Currently, tasks in the workflows have an implicit dependency on FilePath objects. For example,

@task
def gen_zarr(file_path: FilePath) -> None:
    input_tiff = f"{file_path.working_dir}/{file_path.base}.tiff"
    # ... process the input_tiff

Here, gen_zarr function could have directly received the input_tiff file as an argument. However, input_tiff is implicitly referred to be stored at a specific location in the working dir with the exact same name. This becomes a problem, when an upstream task decides to modify the name of the tiff file to {working_dir}/{base}__as_tiff.tiff, so gen_zarr task breaks with a FileNotFound exception.

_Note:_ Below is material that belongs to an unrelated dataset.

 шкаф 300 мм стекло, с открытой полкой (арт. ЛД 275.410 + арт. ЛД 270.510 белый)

A generic principle to fix these issues is:

Task-Specific Inputs
Each task should receive only the inputs it needs to perform its specific function. This promotes modularity and reusability by keeping tasks self-contained and focused on their individual responsibilities.
Explicit Dependency Passing
Tasks should explicitly declare their dependencies by accepting input parameters or dependencies from upstream tasks. This makes the task dependencies clear and helps in understanding the data flow within the workflow.
Avoid Global State
Avoid relying on global state or shared variables to pass data between tasks, as this can lead to dependencies and make the workflow harder to understand and debug. Instead, pass inputs explicitly between tasks using parameters or context objects.
Task Outputs
Tasks should produce outputs that are consumed by downstream tasks, either by returning values from the execute method or by storing outputs in a location accessible to other tasks (e.g., a file in a shared filesystem or a database table,).
Error Handling
Implement error handling within each task to handle failures gracefully. This may involve catching exceptions, retrying failed operations, logging errors, and possibly triggering alerts or notifications.

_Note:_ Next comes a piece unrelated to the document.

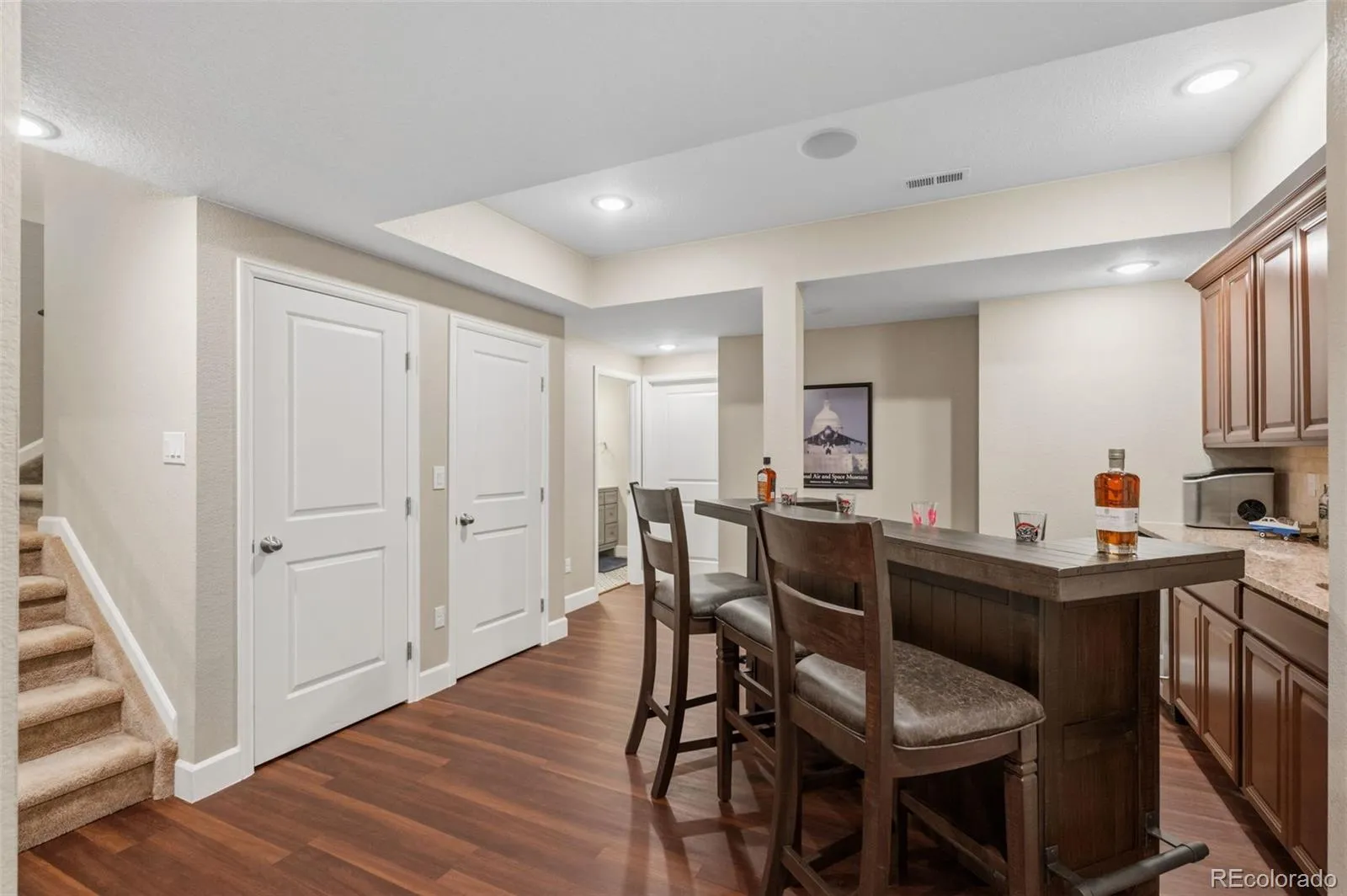 This is where thoughtful design meets real life functionality, an elevated Castle Rock home that adapts to you, not the other way around. Thoughtfully maintained, the home welcomes you with a calm, confident presence. Just off the entry, a dedicated office space that feels dialed in and distraction free, perfect for focus and flexibility as life shifts. The main level flows effortlessly. Open, inviting, and designed for connection. Whether it’s quiet mornings with coffee or a full house on a Saturday night, the layout moves with you, not against you. The mudroom just off the garage keeps everything in its place, while the oversized 3-car garage with epoxy flooring adds function and polish. Upstairs, the home settles into its rhythm. Four bedrooms are positioned alongside a cozy loft-style space, ideal for relaxing or creating a secondary living area. Three bathrooms serve the upper level, including a private ensuite, while the conveniently located laundry room keeps routines simple. Downstairs, the finished basement offers a different experience. With an additional bedroom and bathroom, plus a built-in bar, this level is ready to host, unwind, or transform into a theater, gym, or guest retreat. Step outside and the lifestyle continues. Turf in both the front and backyard keeps maintenance low, while the hot tub adds comfort for every season. Behind the scenes, dual-zone climate control with a newer HVAC and furnace system keeps comfort dialed in. Just beyond your front door, the lifestyle expands. Located within the Terrain community, you’ll have access to miles of scenic trails, a dog park, and neighborhood parks including Wrangler Park with tennis courts, playgrounds, and open fields. Ravenwood Park offers sweeping views of McMurdo Gulch and the Rocky Mountains, along with its hillside slide. The clubhouse and swim club provide spaces to gather and connect. All just minutes from I-25, with access to dining, shopping, Douglas County schools, and outdoor recreation.

One approach we are considering is creating an object for Task I/O. Each task takes in TaskIO object, which has task-specific inputs. It executes and returns a new TaskIO object with outputs that would be consumed by downstream tasks.

In order to enforce Task-specific inputs and Error handling, we came up with a decorator called stream or taskio handler. This makes sure that if upstream tasks has observed/created an unhandled exception, it will be passed right through the current task.

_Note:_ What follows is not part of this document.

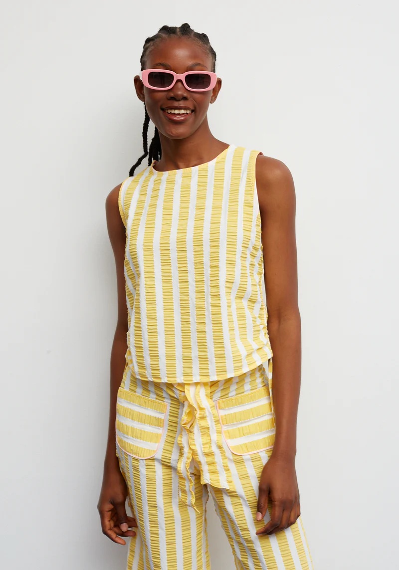Un cuerpo pensado para aportar luz y frescura a los looks de verano. Su diseño combina rayas verticales en amarillo y blanco sobre un tejido con relieve sutil que añade textura y movimiento. Los lazos laterales ajustables permiten fruncir la silueta, ofreciendo un detalle personalizado y único. Con cuello redondo y un corte recto, es una prenda ligera y cómoda, perfecta para los días cálidos.

annshress · 2024-02-08T16:55:08Z

annshress
Feb 8, 2024
Collaborator Author

What is the goal of encapsulating I/O params into an object? Why not pass it as an actual parameters to a task?

4 replies

mbopfNIH Feb 8, 2024
Collaborator

I guess the advantage of a general TaskIO object is that it could be extremely flexible in what inputs/outputs it used. It could be an abstract base class that gets extended every which way. The downside of doing that is the code is harder to follow and you can end up with a lot of boilerplate.

annshress Feb 8, 2024
Collaborator Author

That is one of the deterrence. It does not make it clear enough for what the task input (ie, the TaskIO object) actually contains.

In order to remedy this, I was thinking maybe can add something into stream or taskio handler, which checks the inputs required. For example,

@prefect.task
@taskio_handler(input_fields=["tiff_file", "opacity"], output_fields=["png_file"])
def execute_func(taskio: TaskIO):
  ...

But, it's adding up more code to what we already have without TaskIO object.

@prefect.task
def execute_func(input_tiff, opacity):
  ...

mbopfNIH Feb 9, 2024
Collaborator

I think it depends on what else you might want to do with a TaskIO object. What other "execute_func" could you use it with? In NIH3D we take something like this to almost to an extreme.

@dataclass
class EnrichedResult:
    """
    A class that contains the result of and arbitrary metadata associated with it.
    """
    data: Any
    metadata: Dict[str, Any]

So this EnrichedResult has some "data", which can be anything, and simply attaches a dictionary. I believe the goal was to avoid passing around the metadata as an extra argument, but it does provide a LOT of flexibility in defining what is "data" and "metadata". It allows for plenty of polymorphism when requirements change, but can also make the code harder to understand. It might be better for us to use a full Class rather than just a @dataclass structure.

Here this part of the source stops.